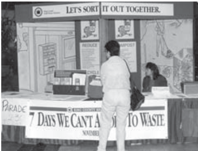
▲ Recycle Week programs encourage the public to improve their recycling habits and to practice waste reduction

It soon became clear, however, that it was difficult to accurately measure the two very different activities of reduction and recycling with a single, combined numerical goal. First, it is difficult to quantify waste that is never generated when successful
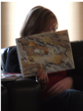
NOLA'S SHOW AND TELL
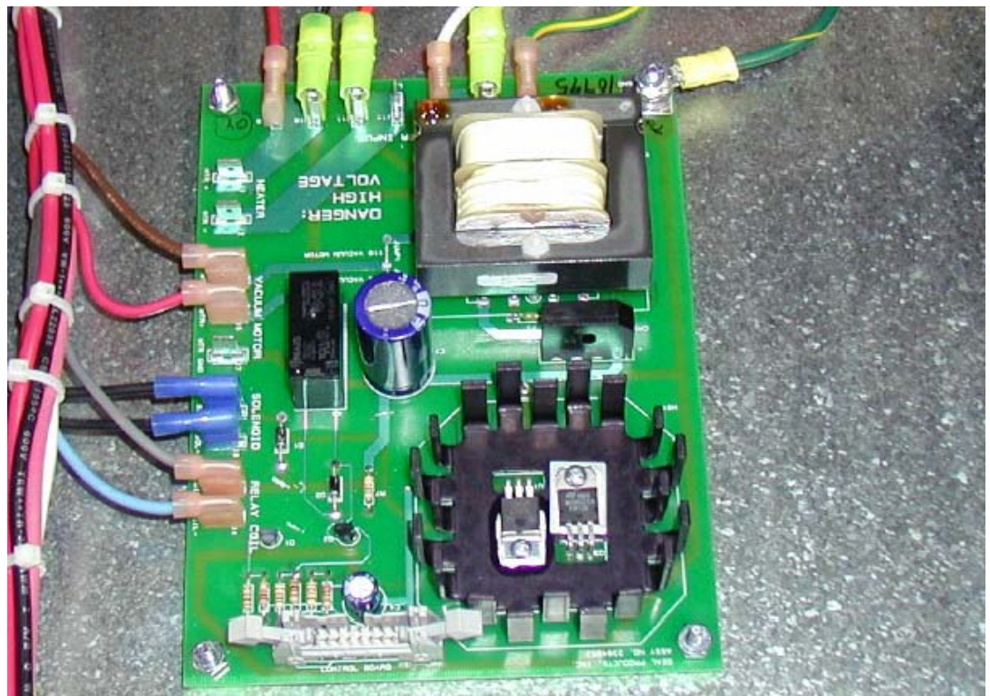
Pictured above is the power board.
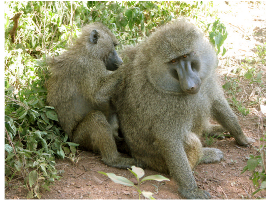
The rather shy dick-dick antelope at left and a young baboon doing the “social” duty to an elder one.

We did not have the same “luck” on the safari through Uganda in 1966 as we lost many pictures supposedly taken on two films. One complete film in my Russian made camera “Zorkii” had not been transported properly. This resulted in a “loss” of some 36 pictures at least. The second film emulsion had been spoiled by heat during the unfortunate mishap of being stuck in mud. Just bad luck!
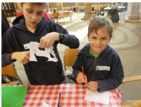
cutting out sheep to put on a big Good Shepherd picture

Our theme for this month's Messy Cathedral was St Luke as the session took place on the Saturday after the feast day of St Luke. We explored how Luke was a doctor as well as a writer of one of the gospels. We looked at the tradition that he was an artist and made our own icons and iced biscuits to look like painters' palettes. We also thought about the Parable of the Lost Sheep as it is one of the most well known parables in Luke's gospel.
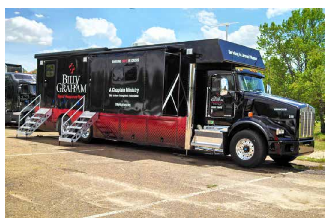
Disaster response or truck bodies allow organizations to respond quickly and deploy volunteers in times of disasters
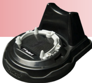
Wireless Desktop Charger (included as standard)
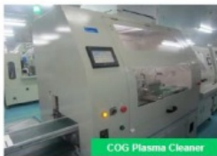
COG Plasma Cleaner
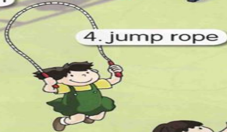
4. jump rope
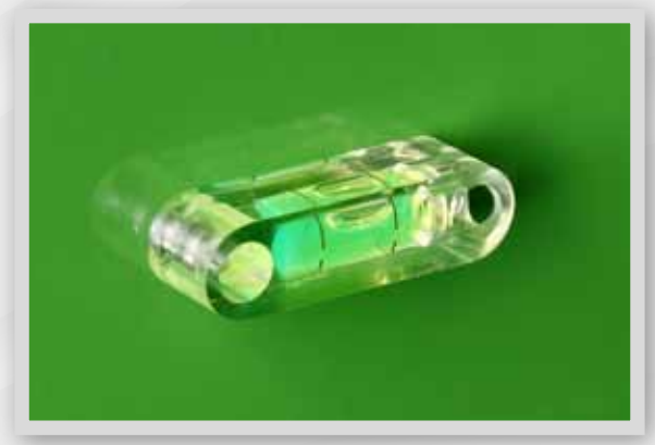
MACHINE TILT INDICATOR

help to position the spreader in the correct position in relation to the ground.
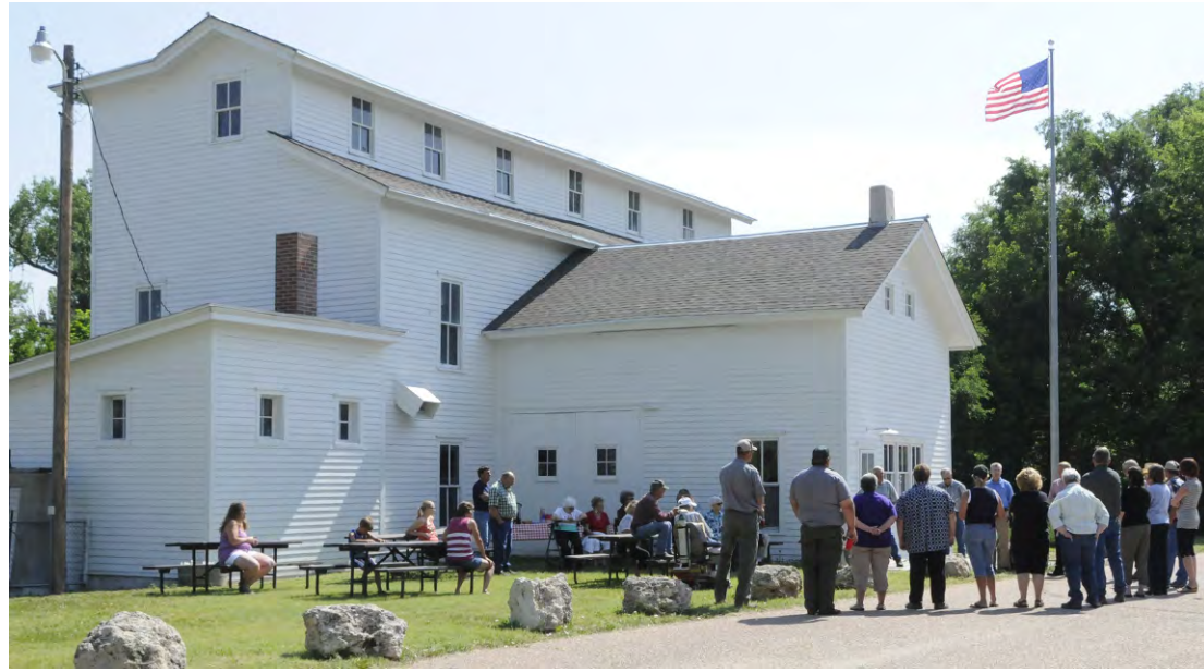
The ownership of Champion Mill State Historical Park and State Recreation Area changed hands July 1. Nebraska Game & Parks Commission formally handed the area over to the Chase County Commissioners during a ceremony Monday.

Official County Newspaper Single Copy: $1.00

##########

## WORK ORDER
Print exactly the lines above that run from the one with "Our theme for" down to the one with "help to position", and omit the pictures.

## RESPONSE
Our theme for this month's Messy Cathedral was St Luke as the session took place on the Saturday after the feast day of St Luke. We explored how Luke was a doctor as well as a writer of one of the gospels. We looked at the tradition that he was an artist and made our own icons and iced biscuits to look like painters' palettes. We also thought about the Parable of the Lost Sheep as it is one of the most well known parables in Luke's gospel.
Disaster response or truck bodies allow organizations to respond quickly and deploy volunteers in times of disasters
Wireless Desktop Charger (included as standard)
COG Plasma Cleaner
4. jump rope
MACHINE TILT INDICATOR

help to position the spreader in the correct position in relation to the ground.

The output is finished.